Isaac Mpho Mogotsi says membership of the club a great diplomatic achievement

On a visit to the ancient central Chinese city of Xian in 2006, my Chinese government interlocutor told me this story about the Chinese psyche. He said that throughout their lives, the Chinese have to choose between being the head of a duck (part dwarfism), or becoming a tail of a dragon (part giantism).

A similar  challenge has dogged the psyche of South Africa's diplomacy since the dawn of our democracy in 1994: does SA settle to be a head of the African duck (a giant amongst dwarfs)? Or does SA aspire to be a tail of the world's mighty dragons like China, Russia, Brazil and India (a dwarf amongst emerging giants)?

Can South Afica's true pre-eminent global potential and promise be realised in the context of this duck head-dragon tail tension? Or will this tension stunt South Africa's post-apartheid diplomacy, now and in the future?

What does South Africa's membership of IBSA and BRICS tell us about this diplomatic split personality of our country's diplomacy?

There is no doubt that the conceptualisation, establishment and consolidation of the India, Brazil and South Africa (IBSA) Forum was one of the seminal diplomatic achievements of the Thabo Mbeki Presidency.

Similarly, the belated admission of South Africa into the Brazil. Russia, India, and China (BRIC) represents arguably President Jacob Zuma's finest diplomatic moment so far.

It is unfortunate that the local media reporting on South Africa's admission into BRICS has not sufficiently credited South Africa's official diplomatic establishment, especially President Zuma and his Minister of International Relations and Cooperation, Maite Nkoane-Mashabane, for this rare and unique diplomatic achievement.

It is as if this feat was akin to some horoscopic and interstellar alignment of heavenly stars up in the sky, over which our diplomats have no human influence and subjectiive control.

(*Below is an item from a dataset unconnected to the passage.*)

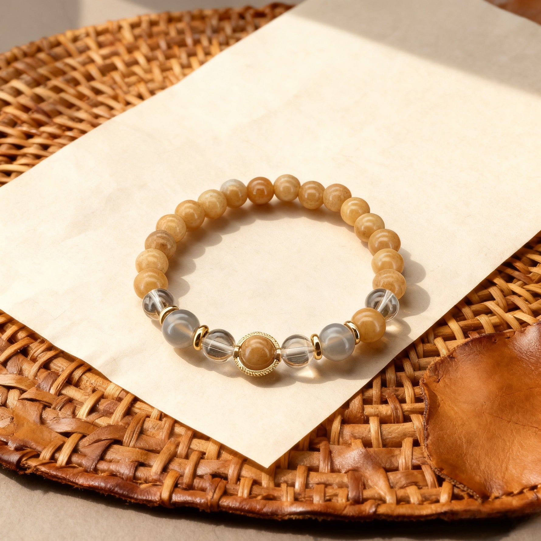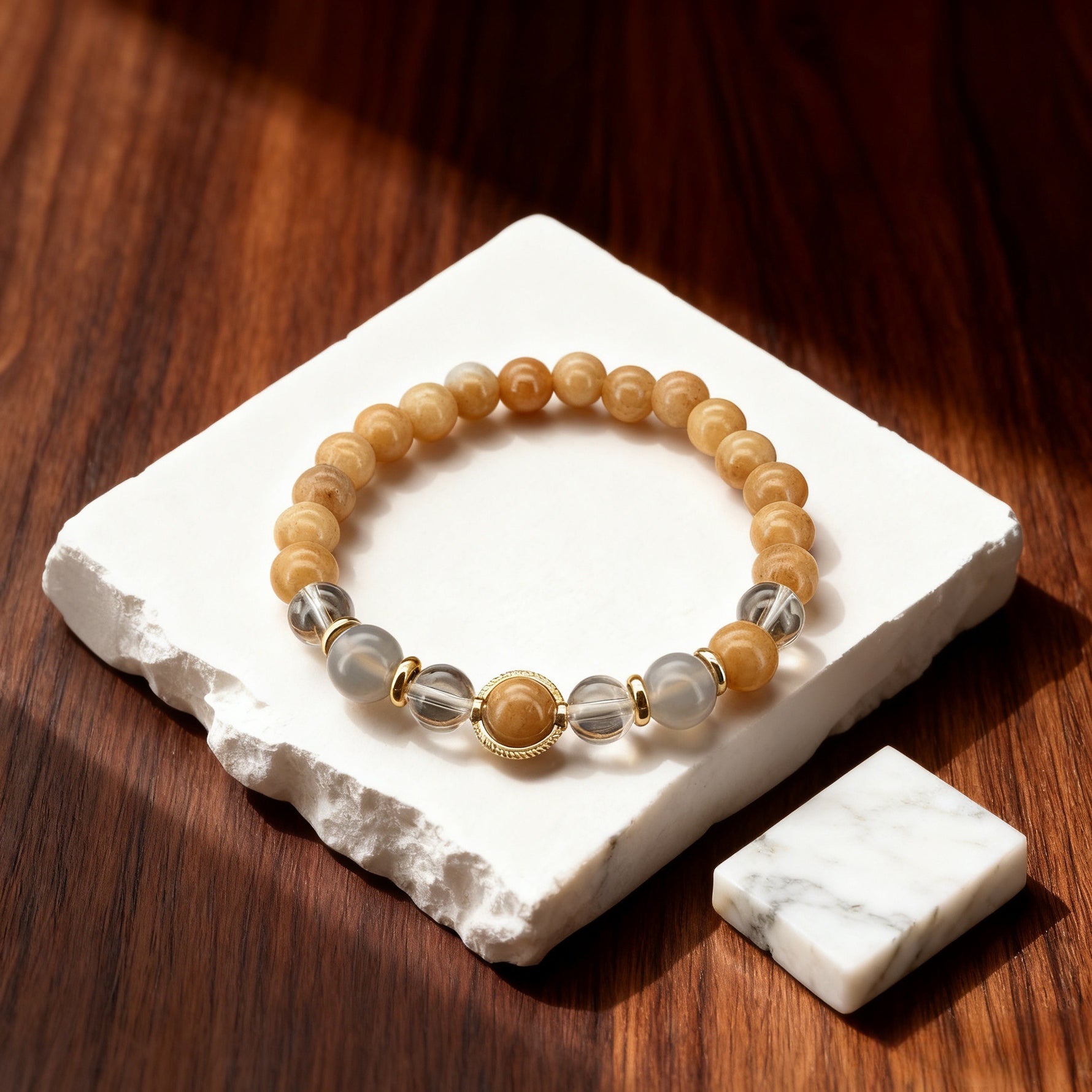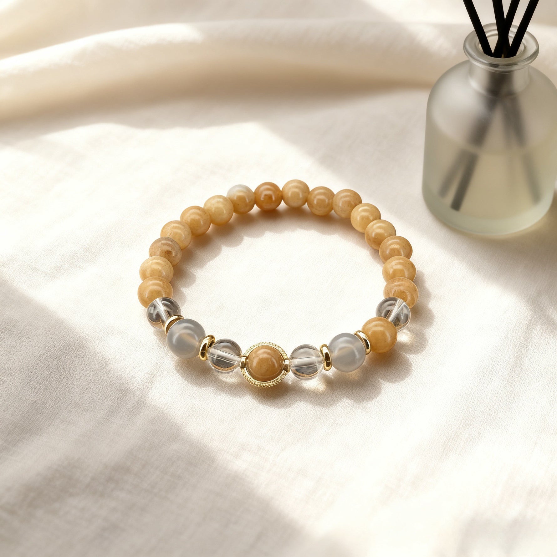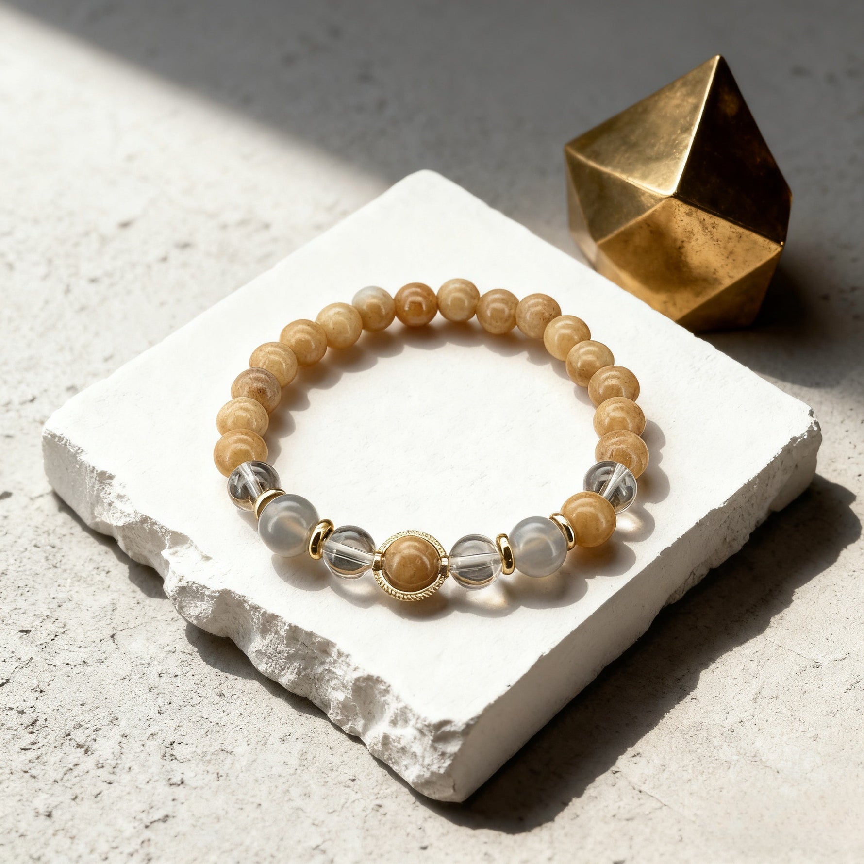 By combining Yellow Jade, Clear Quartz, and Grey Agate, this bracelet creates a potent energy field for wealth manifestation. The central Yellow Jade, encircled by a golden energy ring, symbolizes the convergence of financial resources—amplifying your ability to attract prosperity, opportunities, and monetary growth. It clears mental blocks around wealth, supports confident financial choices, and balances the energy of giving and receiving abundance.

Yet the truth is that our diplomats put incredible hard work, commitment and far-sight into ensuring that, in spite of the cynics in the world, including the Goldman Sachs executive who coined the BRIC term, South Africa did indeed gain admission into BRICS.

Our membership of both IBSA and BRICS is a testimony that there is much that our official diplomacy can achieve for our country when driven by a clear and strategic vision, imbued with a clear commitment to achieve well-defined, but practical, goals, and informed by a deep-seated understanding and appreciation of South Africa's exceptional and unique place in the world.

But even just belonging to both IBSA and BRICS represent a monumental, and potentially existential, challenge to South Africa's post-1994 diplomacy.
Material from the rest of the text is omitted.